Maximizing Performance

Many machine learning APIs have an optional argument for sample weights. Scikit learn is pretty consistent about this. This allows us to train the model on a more realistic representation of production data, even if we have a biased sample.
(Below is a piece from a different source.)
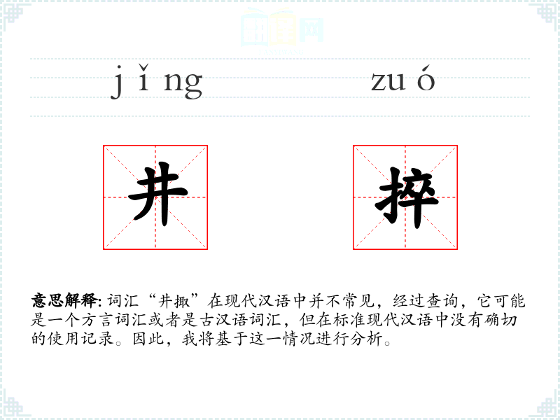 由于“井掫”在现代汉语中不常见,无法给出确切的基本定义。它可能是一个地方方言词汇,或者是古代文献中的用词,但在现代标准汉语中没有明确的含义。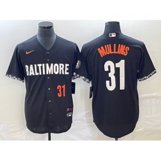 Men's Baltimore Orioles #31 Cedric Mullins Black 2023 City Connect Cool Base Stitched Jersey 1

This is equivalent to (but more computationally efficient than) up or down sampling.

[12]:
from sklearn.linear_model import LinearRegression
from sklearn.model_selection import train_test_split
from sklearn.metrics import mean_squared_error

X = sample_data[['age']]
y = sample_data['education']
X_train, X_test, y_train, y_test = train_test_split(X, y, test_size=10000, random_state=0)
print(len(y_train), len(y_test))
model = LinearRegression().fit(X_train, y_train, sample_weight=sample_data.loc[X_train.index, 'weights'])
mean_squared_error(y_test, model.predict(X_test), sample_weight=sample_data.loc[X_test.index, 'weights'])
19845 10000
[12]:
32.25887465682426
[13]:
# Real world performance is much better when
# the sample data accurately represents it!

X_real_world = not_sampled[['age']]
y_real_world = not_sampled['education']
mean_squared_error(y_real_world, model.predict(X_real_world))
[13]:
32.61086998013287

ROC AUC

It’s less clear how to computed a weighted ROC AUC, but noting that ROC AUC is the probability that a randomly sampled positive would be ranked higher than a randomly sampled negative allows us to derive one readily using our weights. mvtk.metrics.rank_auc has an optional weights parameter that suffices for this use case.

Let’s say we need to compute the probability someone has at least 12 years of education (such as a high school graduate).

[14]:
from sklearn.neural_network import MLPClassifier
from sklearn.model_selection import train_test_split
from sklearn.metrics import roc_auc_score

X = sample_data[['age']]
y = sample_data['education'] >= 12
X_train, X_test, y_train, y_test = train_test_split(X, y, test_size=10000, random_state=0)
print(len(y_train), len(y_test))
model = MLPClassifier(hidden_layer_sizes=tuple()).fit(X_train, y_train)
roc_auc_score(y_test,
              model.predict_proba(X_test)[:, 1])
19845 10000
[14]:
0.7371047314285715
[15]:
X_real_world = not_sampled[['age']]
y_real_world = not_sampled['education'] >= 12
roc_auc_score(y_real_world,
              model.predict_proba(X_real_world)[:, 1])
[15]:
0.8783547677682078
[16]:
from mvtk.metrics import rank_auc

rank_auc(y_test.values,
         model.predict_proba(X_test)[:, 1],
         weights=sample_data.loc[X_test.index, 'weights'].values)
WARNING:absl:No GPU/TPU found, falling back to CPU. (Set TF_CPP_MIN_LOG_LEVEL=0 and rerun for more info.)
[16]:
0.8825363120446511

Acknowledgements

Thanks Mohammad Safarzadeh for reviewing many iterations of this derivation and example usage until they were rigorous and clear.